O God, be not far from me: O my God, hasten to my help.
13 Laat schaamte en schande hen treffen, Die mijn leven belagen; Hoon en smaad hen bedekken, Die mijn ongeluk zoeken.
Let those be made ashamed, let them perish, that are adversaries to my soul: let those be covered with reproach and dishonor that seek my unhappiness.
14 Maar ìk wil standvastig vertrouwen, En al uw glorie blijven verkonden:
But I will continually hope, and will add yet more to all thy praise.
15 Mijn mond zal uw gerechtigheid melden, En altijd uw heil, want ik ken er geen maat van;
My mouth shall relate thy righteousness, all the day thy salvation; for I know not their numbers.
16 Ik zal de machtige daden des Heren verhalen, Jahweh, uw gerechtigheid roemen, de uwe alleen!
I will come to praise the mighty deeds of the Lord Eternal: I will make mention of thy righteousness, yea, thine only.
17 Gij hebt mij van jongsaf geleid, o mijn God, En tot nu toe heb ik uw wonderen verkondigd;
O God, thou hast taught me from my youth: and hitherto I ever tell of thy wondrous deeds.
18 Wil mij ook thans, nu ik oud ben en grijs, Toch nimmer verlaten, o God; Dan zal ik dit geslacht uw arm doen kennen, Heel het komend geslacht uw kracht.
Therefore also even in old age, and when I am grayheaded, O God, forsake me not: until I have told of thy strength unto [this] generation, to every one that may come of thy might.
19 Uw rechtvaardigheid reikt tot de hemel, o God; Want Gij hebt grote dingen gedaan: wie is U gelijk, o mijn God!
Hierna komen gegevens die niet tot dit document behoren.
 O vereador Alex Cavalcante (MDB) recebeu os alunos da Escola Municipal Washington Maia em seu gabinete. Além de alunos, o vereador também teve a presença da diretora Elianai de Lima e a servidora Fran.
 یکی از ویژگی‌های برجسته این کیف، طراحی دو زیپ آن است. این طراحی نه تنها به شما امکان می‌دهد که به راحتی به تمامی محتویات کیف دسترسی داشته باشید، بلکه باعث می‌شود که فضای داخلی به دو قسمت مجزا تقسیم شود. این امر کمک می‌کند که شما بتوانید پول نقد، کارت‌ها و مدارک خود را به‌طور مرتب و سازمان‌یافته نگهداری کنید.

And thy righteousness, O God, reacheth even to the height, thou, who hast done great things: O God, who is like thee!
20 Wel liet Gij mij veel smarten en rampen verduren, Maar Gij zult mij nu doen herleven,
Thou, who hast shown me great distresses and misfortunes, wilt again revive me; and from the depths of the earth wilt thou bring me up again.
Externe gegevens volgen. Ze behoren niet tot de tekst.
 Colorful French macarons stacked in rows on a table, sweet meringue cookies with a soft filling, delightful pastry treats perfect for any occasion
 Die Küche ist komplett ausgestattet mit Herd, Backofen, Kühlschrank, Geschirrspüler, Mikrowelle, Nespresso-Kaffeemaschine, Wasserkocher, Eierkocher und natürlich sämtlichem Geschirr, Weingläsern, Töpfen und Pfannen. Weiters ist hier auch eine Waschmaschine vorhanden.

21 Mij optrekken uit de diepten der aarde, Nog meer mij verhogen, en troosten.
Thou wilt increase my greatness, and wilt turn round and comfort me.
22 Dan zal ik op harpen U danken voor uw trouw, o mijn God; U, Israëls Heilige, op de citer bezingen.
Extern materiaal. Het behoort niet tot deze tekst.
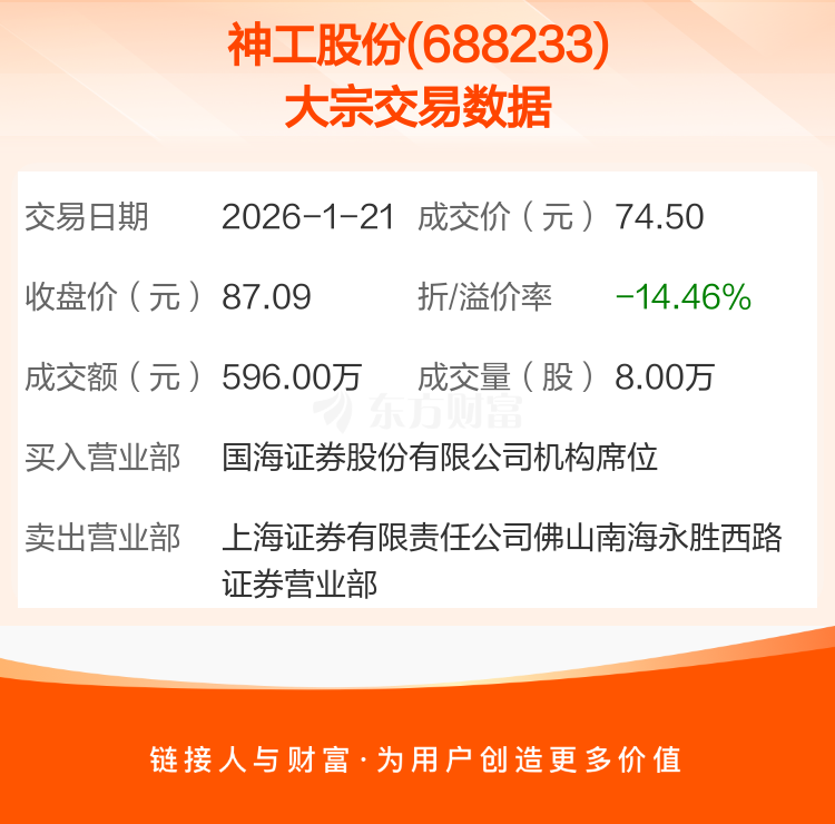 2026年1月21日,神工股份发生1笔大宗交易,共成交8.00万股,成交金额596.00万元,占其流通市值比例为0.04%。
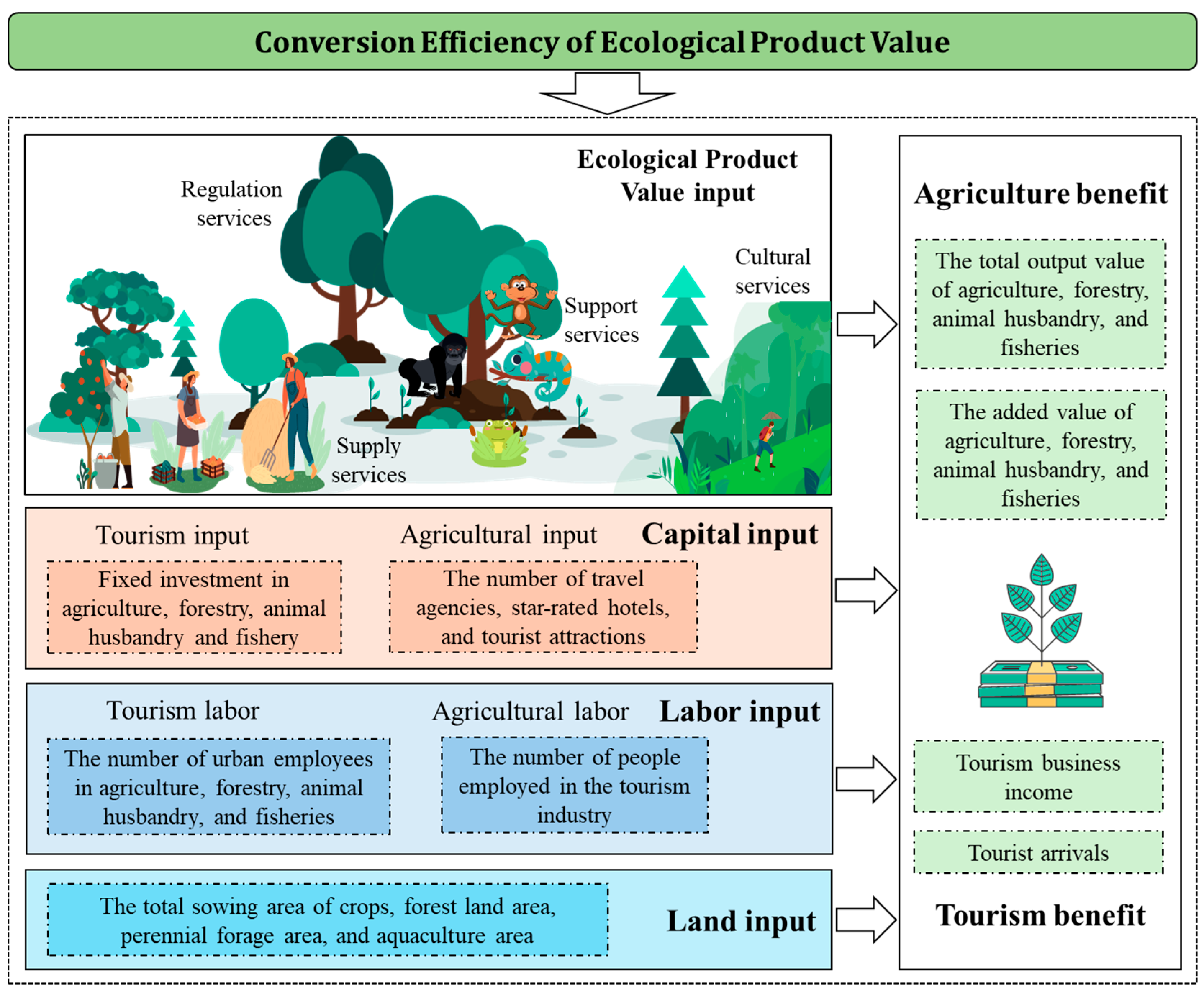 From the perspective of welfare economics, the realization of EPV lies in internalizing the positive externalities of ecosystems into measurable economic benefits. While ecological compensation mechanisms can offset ecological opportunity costs, the effectiveness of EPV realization also depends on how efficiently ecological resources are converted into tangible economic and ecological outcomes. To capture this efficiency dimension, scholars have begun to focus on the conversion efficiency of ecological product value (CEEPV), which measures the input–output performance of ecological resources integrated into production systems [4]. CEEPV is not only an indicator of ecological value realization but also reflects the effectiveness of ecological capital allocation and its implications for equity, regional development, and sustainability.
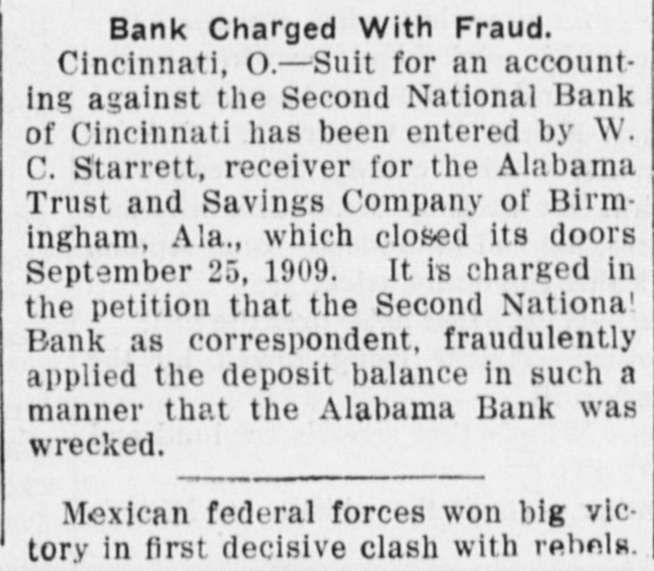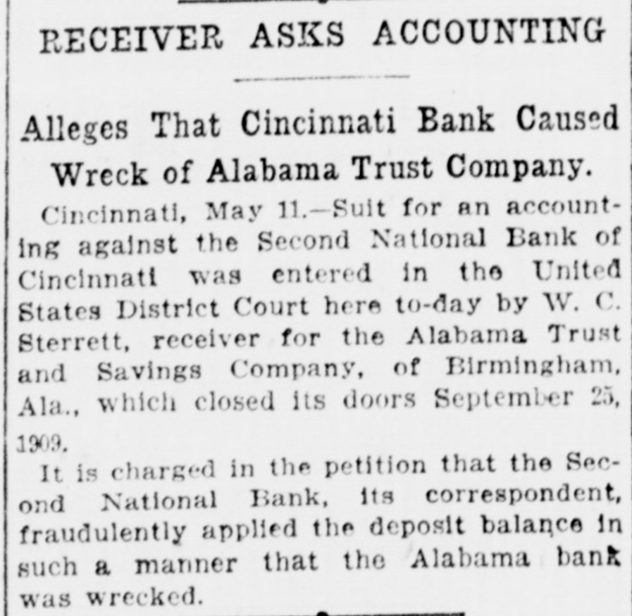 SUES FOR ACCOUNTING. Bank Receiver Makes Charges Against Cincinnati Institution. CINCINNATI, Ohio May 11.-Suit for an accounting against the Second National Bank of Cincinnati was entered in the United States district court here today by W. C. Sterrett, receiver for the Alabama Trust and Savings Company of Birmingham, Ala., which closed its doors September 25, 1909. It is charged in the petition that the Second National Bank, its correspondent, fraudulently applied the deposit balance in such a manner that the Alabama bank was wrecked.

Also I, I will thank thee with the psaltery, [for] thy truth, O my God: I will sing unto thee with the harp, O thou Holy One of Israel.
23 Mijn lippen zullen bij mijn lofzangen jubelen, Met mijn ziel, die Gij hebt verlost;
My lips shall shout joyfully when I sing unto thee; and my soul [too], which thou hast redeemed.
24 Ook mijn tong zal iedere dag uw rechtvaardigheid melden, Als schaamte en schande hen treffen, die mijn ongeluk zochten!
Also my tongue shall speak all the day of thy righteousness; for ashamed, for put to the blush are those that seek my unhappiness.